Implementation:Speechbrain Speechbrain DynamicItemDataset From Csv
| Field | Value |
|---|---|
| Implementation Name | DynamicItemDataset_From_Csv |
| API Signature | DynamicItemDataset.from_csv(csv_path, replacements={}, dynamic_items=[], output_keys=[])
|
| Source File | speechbrain/dataio/dataset.py:L23 (class), L413-418 (from_csv classmethod) |
| Import | from speechbrain.dataio.dataset import DynamicItemDataset
|
| Type | API Doc |
| Related Principle | Principle:Speechbrain_Speechbrain_Dataset_Pipeline_Construction |
Description
DynamicItemDataset.from_csv() is a classmethod that creates a DynamicItemDataset from a CSV manifest file. The dataset provides a lazy computation pipeline: static data is loaded from CSV columns, and dynamic items (audio loading, tokenization, etc.) are computed on-the-fly based on declarative dependency specifications. Only the computations needed to produce the requested output keys are executed.
Inputs
| Parameter | Type | Default | Description |
|---|---|---|---|
csv_path |
str | (required) | Path to a CSV file produced by data preparation (e.g., the output of prepare_common_voice). The first column is used as the data point ID. Expected columns: ID, duration, wav, spk_id, wrd.
|
replacements |
dict | {} | String substitutions applied to all values in the CSV. Keys are substrings to find; values are replacement strings. Commonly used to resolve path placeholders (e.g., {"data_root": "/actual/data/path"}).
|
dynamic_items |
list | [] | List of dynamic item configurations. Each can be a DynamicItem object or a dict with keys "func", "takes", "provides". In practice, dynamic items are typically added after construction via add_dynamic_item().
|
output_keys |
list or dict | [] | Keys to include in the output when data points are fetched. Can be a list of strings or a dict mapping output names to internal keys. Typically set after construction via set_output_keys().
|
Outputs
Returns a DynamicItemDataset instance that:
- Implements the PyTorch
Datasetinterface (__len__,__getitem__) - When indexed, returns a dict containing only the requested output keys
- Lazily evaluates the computation pipeline to produce dynamic items on demand
Core Methods
add_dynamic_item(func, takes=None, provides=None)

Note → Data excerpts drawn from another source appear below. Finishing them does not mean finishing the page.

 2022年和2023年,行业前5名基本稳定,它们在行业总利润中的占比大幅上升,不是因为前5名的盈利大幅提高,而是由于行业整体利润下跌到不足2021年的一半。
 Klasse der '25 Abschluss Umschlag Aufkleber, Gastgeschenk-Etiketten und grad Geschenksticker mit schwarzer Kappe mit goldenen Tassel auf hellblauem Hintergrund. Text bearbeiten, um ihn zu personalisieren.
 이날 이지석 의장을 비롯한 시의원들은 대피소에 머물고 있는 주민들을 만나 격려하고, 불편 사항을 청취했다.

Registers a new dynamic item (computation step) with the dataset pipeline.
| Parameter | Type | Description |
|---|---|---|
func |
callable | A function or generator function that computes the dynamic item. If a generator, it yields multiple values corresponding to multiple provided keys. |
takes |
list or str | Key(s) of existing items (static CSV columns or other dynamic items) passed as positional arguments to func.
|
provides |
str or list | Key(s) that this dynamic item produces. If a list, func must be a generator yielding values in order.
|
set_output_keys(keys)
Sets which keys to include in the output dict when data points are fetched. Only computations needed to produce these keys are executed.

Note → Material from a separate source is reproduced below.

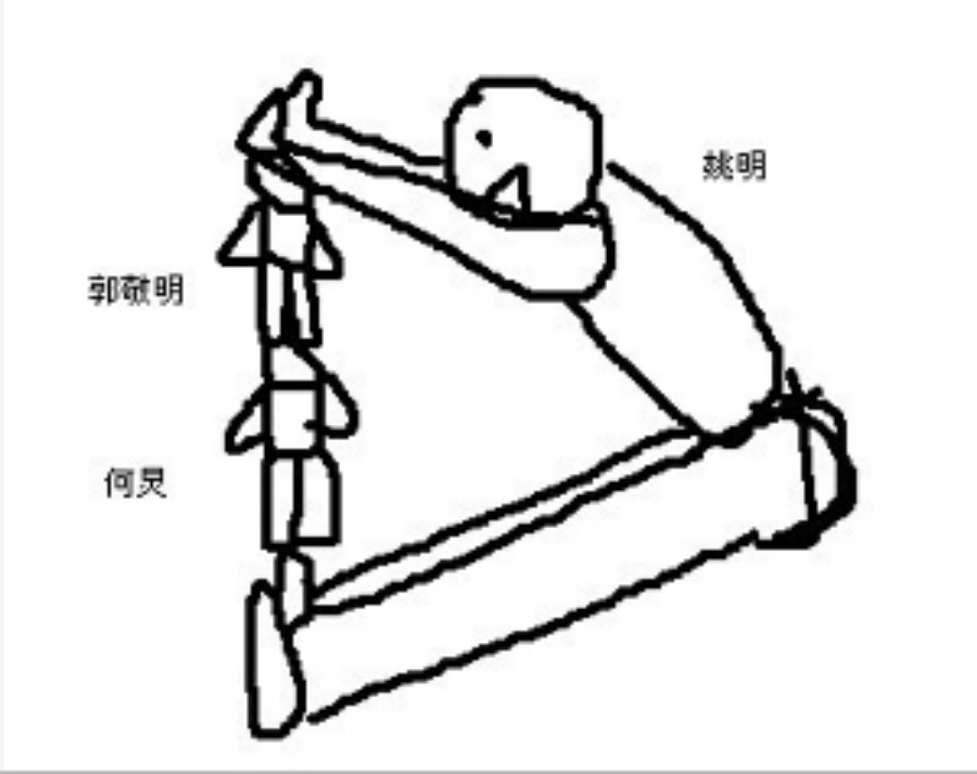 有人问: 郭敬明,武艺,姚明三个人躺在地上,能不能组成一个三角形?

filtered_sorted(sort_key=None, key_max_value={}, reverse=False)
Returns a filtered and/or sorted version of the dataset that shares the underlying static data. Used for duration-based sorting and filtering.
Helper Module Functions
add_dynamic_item(datasets, func, takes, provides)
Convenience function that adds the same dynamic item to multiple datasets simultaneously.
from speechbrain.dataio.dataset import add_dynamic_item
add_dynamic_item(datasets, audio_pipeline)
set_output_keys(datasets, output_keys)
Convenience function that sets the same output keys on multiple datasets simultaneously.
from speechbrain.dataio.dataset import set_output_keys
set_output_keys(datasets, ["id", "sig", "tokens_bos", "tokens_eos", "tokens"])
Usage Example: Complete dataio_prepare Pattern
The following example shows the full pipeline construction pattern from the CTC ASR recipe (recipes/CommonVoice/ASR/CTC/train_with_wav2vec.py, lines 199-310):
import torch
import torchaudio
import speechbrain as sb
def dataio_prepare(hparams, tokenizer):
"""Prepare datasets with audio and text processing pipelines."""
data_folder = hparams["data_folder"]
# 1. Create datasets from CSV manifests
train_data = sb.dataio.dataset.DynamicItemDataset.from_csv(
csv_path=hparams["train_csv"],
replacements={"data_root": data_folder},
)
valid_data = sb.dataio.dataset.DynamicItemDataset.from_csv(
csv_path=hparams["valid_csv"],
replacements={"data_root": data_folder},
)
test_data = sb.dataio.dataset.DynamicItemDataset.from_csv(
csv_path=hparams["test_csv"],
replacements={"data_root": data_folder},
)
# Optional: sort training data by duration
if hparams["sorting"] == "ascending":
train_data = train_data.filtered_sorted(
sort_key="duration",
key_max_value={"duration": hparams["avoid_if_longer_than"]},
)
hparams["dataloader_options"]["shuffle"] = False
valid_data = valid_data.filtered_sorted(sort_key="duration")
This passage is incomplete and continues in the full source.